从不在基本字符串中的字符串列表中提取单个单词或短语

时间:2016-03-11 12:27:56

标签: python python-3.x

我想在Python中构建一个脚本,它接受一个基本字符串并通过其他字符串列表运行它。该脚本应返回字符串中但不在基本字符串中的单词或短语列表。

示例:

string = 'why kid is upset'

list_of_strings = ['why my kid is upset', 'why beautiful kid is upset',
                   'why my 15 years old kid is upset', 'why my kid is always upset']

应该返回

['my', 'beautiful', 'my 15 years old', 'always']

您建议我学习哪些图书馆来解决问题?

3 个答案:

答案 0 :(得分:0)

您不需要特殊的库。
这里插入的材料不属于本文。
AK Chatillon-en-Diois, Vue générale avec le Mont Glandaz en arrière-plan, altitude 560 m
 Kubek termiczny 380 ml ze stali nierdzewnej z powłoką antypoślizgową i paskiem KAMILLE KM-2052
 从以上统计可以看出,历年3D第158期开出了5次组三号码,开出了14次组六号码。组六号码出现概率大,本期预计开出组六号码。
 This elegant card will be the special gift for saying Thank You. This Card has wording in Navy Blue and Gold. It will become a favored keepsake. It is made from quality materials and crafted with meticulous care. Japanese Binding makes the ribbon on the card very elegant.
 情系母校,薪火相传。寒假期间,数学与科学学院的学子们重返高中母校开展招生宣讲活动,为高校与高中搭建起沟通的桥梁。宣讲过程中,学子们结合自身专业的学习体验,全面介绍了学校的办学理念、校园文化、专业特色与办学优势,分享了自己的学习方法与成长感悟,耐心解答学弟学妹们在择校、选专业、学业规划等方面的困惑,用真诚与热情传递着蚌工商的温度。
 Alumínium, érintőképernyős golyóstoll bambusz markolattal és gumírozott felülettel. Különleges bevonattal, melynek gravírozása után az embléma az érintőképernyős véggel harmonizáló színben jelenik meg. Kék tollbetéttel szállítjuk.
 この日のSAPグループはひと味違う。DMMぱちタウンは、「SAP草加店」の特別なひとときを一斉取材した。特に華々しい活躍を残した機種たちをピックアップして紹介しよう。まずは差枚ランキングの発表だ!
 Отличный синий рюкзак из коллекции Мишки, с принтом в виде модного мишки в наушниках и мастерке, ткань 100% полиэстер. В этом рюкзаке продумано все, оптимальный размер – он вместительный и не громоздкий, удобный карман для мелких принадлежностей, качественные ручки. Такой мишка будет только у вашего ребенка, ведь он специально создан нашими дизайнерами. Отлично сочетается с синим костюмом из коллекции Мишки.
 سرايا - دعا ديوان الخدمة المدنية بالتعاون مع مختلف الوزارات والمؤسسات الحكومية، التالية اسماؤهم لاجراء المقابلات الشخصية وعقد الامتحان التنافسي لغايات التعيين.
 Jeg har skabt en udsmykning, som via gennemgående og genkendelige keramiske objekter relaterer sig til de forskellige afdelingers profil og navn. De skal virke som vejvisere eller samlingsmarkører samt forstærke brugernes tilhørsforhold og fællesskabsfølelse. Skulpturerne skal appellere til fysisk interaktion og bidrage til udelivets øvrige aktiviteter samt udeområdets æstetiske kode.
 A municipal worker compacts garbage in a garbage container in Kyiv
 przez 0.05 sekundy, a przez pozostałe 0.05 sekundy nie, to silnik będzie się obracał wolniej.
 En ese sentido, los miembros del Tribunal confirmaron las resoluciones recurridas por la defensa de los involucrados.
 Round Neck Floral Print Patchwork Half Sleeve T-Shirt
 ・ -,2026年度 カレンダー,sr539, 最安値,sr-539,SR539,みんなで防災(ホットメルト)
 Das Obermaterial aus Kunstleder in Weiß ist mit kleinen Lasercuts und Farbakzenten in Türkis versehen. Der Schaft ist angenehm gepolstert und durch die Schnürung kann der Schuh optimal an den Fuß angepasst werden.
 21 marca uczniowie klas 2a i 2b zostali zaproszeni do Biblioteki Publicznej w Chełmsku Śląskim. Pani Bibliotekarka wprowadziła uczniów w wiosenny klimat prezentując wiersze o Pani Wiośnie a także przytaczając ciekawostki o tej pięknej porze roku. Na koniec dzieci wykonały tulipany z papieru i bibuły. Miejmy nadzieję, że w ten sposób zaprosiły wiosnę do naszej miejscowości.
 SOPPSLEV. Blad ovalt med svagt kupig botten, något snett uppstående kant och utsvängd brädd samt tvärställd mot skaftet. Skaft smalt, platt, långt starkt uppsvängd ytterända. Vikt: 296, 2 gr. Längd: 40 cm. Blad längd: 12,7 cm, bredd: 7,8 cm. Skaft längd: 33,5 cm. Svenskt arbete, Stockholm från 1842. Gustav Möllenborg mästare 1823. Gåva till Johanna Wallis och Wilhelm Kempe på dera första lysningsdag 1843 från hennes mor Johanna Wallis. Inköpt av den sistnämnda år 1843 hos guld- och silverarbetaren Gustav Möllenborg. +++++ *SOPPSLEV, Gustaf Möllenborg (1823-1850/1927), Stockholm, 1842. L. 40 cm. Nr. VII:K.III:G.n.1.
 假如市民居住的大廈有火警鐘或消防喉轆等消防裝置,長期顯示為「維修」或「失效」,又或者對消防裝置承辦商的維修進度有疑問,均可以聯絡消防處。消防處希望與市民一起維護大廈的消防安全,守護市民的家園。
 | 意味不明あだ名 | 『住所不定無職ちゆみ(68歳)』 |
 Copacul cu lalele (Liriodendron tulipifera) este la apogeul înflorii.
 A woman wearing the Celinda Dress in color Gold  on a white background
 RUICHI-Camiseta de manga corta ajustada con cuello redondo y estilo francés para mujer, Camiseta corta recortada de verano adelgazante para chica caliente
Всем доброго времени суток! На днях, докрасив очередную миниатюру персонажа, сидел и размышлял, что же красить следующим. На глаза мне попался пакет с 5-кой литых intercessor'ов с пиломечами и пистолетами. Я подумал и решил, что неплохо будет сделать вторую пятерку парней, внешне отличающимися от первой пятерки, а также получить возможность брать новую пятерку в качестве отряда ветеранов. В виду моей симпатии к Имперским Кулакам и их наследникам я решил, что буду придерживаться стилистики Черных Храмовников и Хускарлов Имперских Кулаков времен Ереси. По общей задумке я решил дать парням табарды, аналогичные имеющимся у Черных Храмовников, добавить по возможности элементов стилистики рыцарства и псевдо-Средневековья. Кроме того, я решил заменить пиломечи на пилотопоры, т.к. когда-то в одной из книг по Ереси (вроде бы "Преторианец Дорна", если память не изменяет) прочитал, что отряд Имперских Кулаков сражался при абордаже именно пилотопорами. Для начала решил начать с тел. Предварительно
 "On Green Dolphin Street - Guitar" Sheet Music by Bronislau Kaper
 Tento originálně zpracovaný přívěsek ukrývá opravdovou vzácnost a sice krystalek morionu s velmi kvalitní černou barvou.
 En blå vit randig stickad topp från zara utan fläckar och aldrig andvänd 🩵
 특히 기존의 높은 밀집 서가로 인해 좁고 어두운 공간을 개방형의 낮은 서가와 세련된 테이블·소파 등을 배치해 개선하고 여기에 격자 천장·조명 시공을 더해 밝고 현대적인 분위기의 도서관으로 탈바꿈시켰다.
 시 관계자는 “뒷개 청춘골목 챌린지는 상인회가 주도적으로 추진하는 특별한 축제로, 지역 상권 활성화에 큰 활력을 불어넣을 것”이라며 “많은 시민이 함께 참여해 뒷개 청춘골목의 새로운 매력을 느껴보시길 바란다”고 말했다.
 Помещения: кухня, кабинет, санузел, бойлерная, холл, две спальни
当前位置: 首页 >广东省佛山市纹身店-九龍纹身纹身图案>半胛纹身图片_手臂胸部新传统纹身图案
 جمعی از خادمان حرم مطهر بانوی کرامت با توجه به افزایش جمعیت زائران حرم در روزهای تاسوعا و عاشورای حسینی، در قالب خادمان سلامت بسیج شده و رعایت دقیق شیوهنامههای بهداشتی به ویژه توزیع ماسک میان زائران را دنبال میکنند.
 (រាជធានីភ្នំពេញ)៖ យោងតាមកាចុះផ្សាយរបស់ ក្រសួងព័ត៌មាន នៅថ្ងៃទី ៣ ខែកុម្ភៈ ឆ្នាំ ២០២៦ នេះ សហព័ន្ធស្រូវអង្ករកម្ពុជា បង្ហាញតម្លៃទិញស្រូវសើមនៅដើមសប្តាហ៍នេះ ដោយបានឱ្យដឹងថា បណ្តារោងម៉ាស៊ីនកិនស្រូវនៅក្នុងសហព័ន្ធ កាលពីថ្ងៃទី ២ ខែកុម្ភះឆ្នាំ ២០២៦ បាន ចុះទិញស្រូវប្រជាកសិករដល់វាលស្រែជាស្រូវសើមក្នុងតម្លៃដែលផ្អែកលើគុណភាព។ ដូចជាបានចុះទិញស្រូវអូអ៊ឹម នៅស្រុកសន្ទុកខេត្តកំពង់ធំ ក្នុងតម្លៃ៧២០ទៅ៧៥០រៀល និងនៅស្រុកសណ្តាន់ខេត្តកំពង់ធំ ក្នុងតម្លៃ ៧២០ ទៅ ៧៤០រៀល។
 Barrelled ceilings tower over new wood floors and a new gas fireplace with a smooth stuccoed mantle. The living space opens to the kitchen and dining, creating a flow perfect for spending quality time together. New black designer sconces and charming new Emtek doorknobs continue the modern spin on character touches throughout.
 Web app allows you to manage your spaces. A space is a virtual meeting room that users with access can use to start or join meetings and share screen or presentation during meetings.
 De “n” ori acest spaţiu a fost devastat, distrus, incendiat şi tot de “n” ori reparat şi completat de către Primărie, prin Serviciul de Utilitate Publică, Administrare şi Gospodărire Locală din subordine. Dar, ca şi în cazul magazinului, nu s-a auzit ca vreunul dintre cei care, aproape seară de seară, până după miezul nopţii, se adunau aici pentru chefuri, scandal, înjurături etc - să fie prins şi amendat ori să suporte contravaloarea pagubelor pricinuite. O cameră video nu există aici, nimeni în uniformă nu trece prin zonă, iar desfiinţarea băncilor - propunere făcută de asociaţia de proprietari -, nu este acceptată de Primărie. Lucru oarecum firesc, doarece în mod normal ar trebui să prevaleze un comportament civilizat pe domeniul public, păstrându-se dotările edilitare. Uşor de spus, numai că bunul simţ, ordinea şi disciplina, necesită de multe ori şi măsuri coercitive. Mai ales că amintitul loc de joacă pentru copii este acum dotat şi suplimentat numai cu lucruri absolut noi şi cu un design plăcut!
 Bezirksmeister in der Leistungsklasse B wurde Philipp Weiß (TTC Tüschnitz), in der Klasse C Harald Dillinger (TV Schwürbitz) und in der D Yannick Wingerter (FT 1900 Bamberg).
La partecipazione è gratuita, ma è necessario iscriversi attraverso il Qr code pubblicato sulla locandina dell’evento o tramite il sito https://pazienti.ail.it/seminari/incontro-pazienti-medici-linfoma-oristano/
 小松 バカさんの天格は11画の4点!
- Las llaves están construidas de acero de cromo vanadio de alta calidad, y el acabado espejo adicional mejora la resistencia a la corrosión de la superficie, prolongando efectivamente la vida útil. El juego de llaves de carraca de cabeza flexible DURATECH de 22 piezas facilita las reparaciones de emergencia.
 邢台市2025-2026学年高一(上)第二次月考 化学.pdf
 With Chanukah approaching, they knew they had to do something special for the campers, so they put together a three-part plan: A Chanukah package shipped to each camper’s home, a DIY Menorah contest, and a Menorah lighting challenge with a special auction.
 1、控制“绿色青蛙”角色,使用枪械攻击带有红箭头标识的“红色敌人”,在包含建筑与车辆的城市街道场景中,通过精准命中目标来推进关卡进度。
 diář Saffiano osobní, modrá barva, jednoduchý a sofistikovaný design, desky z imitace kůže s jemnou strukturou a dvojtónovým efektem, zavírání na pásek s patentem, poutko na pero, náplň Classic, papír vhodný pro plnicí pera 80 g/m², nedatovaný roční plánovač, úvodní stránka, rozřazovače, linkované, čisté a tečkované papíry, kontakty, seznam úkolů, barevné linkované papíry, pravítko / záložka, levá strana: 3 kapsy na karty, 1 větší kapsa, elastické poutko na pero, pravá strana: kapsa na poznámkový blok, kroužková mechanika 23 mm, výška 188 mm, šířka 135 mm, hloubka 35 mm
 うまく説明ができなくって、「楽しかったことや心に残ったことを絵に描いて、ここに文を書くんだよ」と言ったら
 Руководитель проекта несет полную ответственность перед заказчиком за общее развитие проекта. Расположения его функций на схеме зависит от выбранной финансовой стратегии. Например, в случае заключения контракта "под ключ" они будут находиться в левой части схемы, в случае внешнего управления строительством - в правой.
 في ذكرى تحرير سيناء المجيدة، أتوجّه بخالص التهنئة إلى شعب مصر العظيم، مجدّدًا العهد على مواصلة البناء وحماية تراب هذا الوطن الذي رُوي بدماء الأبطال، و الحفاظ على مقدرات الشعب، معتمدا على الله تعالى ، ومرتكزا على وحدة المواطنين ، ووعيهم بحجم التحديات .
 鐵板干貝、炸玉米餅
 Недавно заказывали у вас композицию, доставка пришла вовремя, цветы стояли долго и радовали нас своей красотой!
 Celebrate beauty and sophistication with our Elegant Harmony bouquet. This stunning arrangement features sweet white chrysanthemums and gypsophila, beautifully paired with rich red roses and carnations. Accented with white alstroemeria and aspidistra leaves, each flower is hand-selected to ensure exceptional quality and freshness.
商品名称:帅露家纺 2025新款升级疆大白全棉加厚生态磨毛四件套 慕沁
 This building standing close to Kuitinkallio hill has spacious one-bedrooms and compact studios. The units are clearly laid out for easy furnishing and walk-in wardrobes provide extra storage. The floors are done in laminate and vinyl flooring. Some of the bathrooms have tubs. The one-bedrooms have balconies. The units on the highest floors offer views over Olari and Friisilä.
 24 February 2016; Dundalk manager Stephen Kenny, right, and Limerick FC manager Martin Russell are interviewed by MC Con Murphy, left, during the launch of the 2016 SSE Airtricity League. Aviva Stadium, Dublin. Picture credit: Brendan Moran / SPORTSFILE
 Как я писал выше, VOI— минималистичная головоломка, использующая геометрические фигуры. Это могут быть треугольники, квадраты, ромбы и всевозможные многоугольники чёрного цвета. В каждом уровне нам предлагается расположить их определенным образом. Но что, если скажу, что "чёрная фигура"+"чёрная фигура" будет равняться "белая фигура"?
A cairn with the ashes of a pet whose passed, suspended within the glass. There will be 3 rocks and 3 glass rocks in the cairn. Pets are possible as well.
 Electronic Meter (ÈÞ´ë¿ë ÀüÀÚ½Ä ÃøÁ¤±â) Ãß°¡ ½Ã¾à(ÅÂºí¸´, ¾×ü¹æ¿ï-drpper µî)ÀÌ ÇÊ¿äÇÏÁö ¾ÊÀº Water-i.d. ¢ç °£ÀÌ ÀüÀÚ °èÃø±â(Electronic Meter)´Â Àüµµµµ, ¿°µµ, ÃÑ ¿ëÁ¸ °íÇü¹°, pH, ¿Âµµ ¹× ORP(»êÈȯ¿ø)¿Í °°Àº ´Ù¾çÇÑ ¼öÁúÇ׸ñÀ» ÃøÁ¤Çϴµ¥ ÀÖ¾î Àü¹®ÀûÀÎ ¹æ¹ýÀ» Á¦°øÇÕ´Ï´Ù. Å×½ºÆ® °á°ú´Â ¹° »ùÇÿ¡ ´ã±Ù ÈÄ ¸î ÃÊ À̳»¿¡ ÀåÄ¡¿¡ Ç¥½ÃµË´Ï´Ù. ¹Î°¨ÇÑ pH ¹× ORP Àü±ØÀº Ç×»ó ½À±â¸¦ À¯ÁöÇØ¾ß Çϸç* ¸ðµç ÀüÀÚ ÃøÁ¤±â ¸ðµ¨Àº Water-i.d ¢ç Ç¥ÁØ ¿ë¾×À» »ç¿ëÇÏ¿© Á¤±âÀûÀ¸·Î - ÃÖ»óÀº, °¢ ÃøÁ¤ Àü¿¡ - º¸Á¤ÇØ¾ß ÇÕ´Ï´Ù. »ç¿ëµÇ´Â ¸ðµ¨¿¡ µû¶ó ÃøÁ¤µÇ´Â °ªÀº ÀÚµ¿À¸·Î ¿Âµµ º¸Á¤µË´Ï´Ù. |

就这样做:

def get_list(string, list_of_strings):
    split_list = string.split()
    return [" ".join(filter(lambda s: s not in split_list, string.split())) for string in list_of_strings)]

这可能有点难以阅读,所以你可以把它分开:

def get_list(string, list_of_strings):
    split_list = string.split()
    new_list = []
    for string in list_of_strings:
        unseen_words = filter(lambda s: s not in split_list, string.split())
        unseen_sentence = " ".join(unseen_words)
        new_list.append(unseen_sentence)
    return new_list

答案 1 :(得分:0)

<强>更新

此版本将所有已见过的单词添加到exclude集:

exclude = set('why kid is upset'.split())
list_of_strings = ['why my kid is upset', 
                   'why beautiful kid is upset', 
                   'why my 15 years old kid is upset',
                   'why my kid is always upset']
res = []
for item in list_of_strings:
    words = item.split()
    res.append(' '.join(word for word in words if word not in exclude))
    exclude.update(set(words))
print(res)

结果:

['my', 'beautiful', '15 years old', 'always']

这样可行:

exclude = set('why kid is upset'.split())
list_of_strings = ['why my kid is upset', 
                   'why beautiful kid is upset', 
                   'why my 15 years old kid is upset',
                   'why my kid is always upset']
>>> [' '.join(word for word in item.split() if word not in exclude) for item
     in list_of_strings]
['my', 'beautiful', 'my 15 years old', 'my always']

答案 2 :(得分:0)

当你在字符串列表中有这样的格式时,我不确定你需要的格式:'为什么我15岁的孩子现在心烦意乱'

无论如何,我没有lib指出,这个小代码似乎解决了你的问题:

def stringNOTinbase(base,los):
    basewords = set(base.split(" ") )
    res = []
    for string in los:
        res.append( " ".join( [word for word in string.split(" ") if word not in basewords  ]   )   )
    return res

如果您定义变量并按以下方式调用它:

string = 'why kid is upset'

list_of_strings = ['why my kid is upset', 'why beautiful kid is upset', 'why my 15 years old kid is upset', 'why my kid is always upset','why my 15 years old kid is upset now']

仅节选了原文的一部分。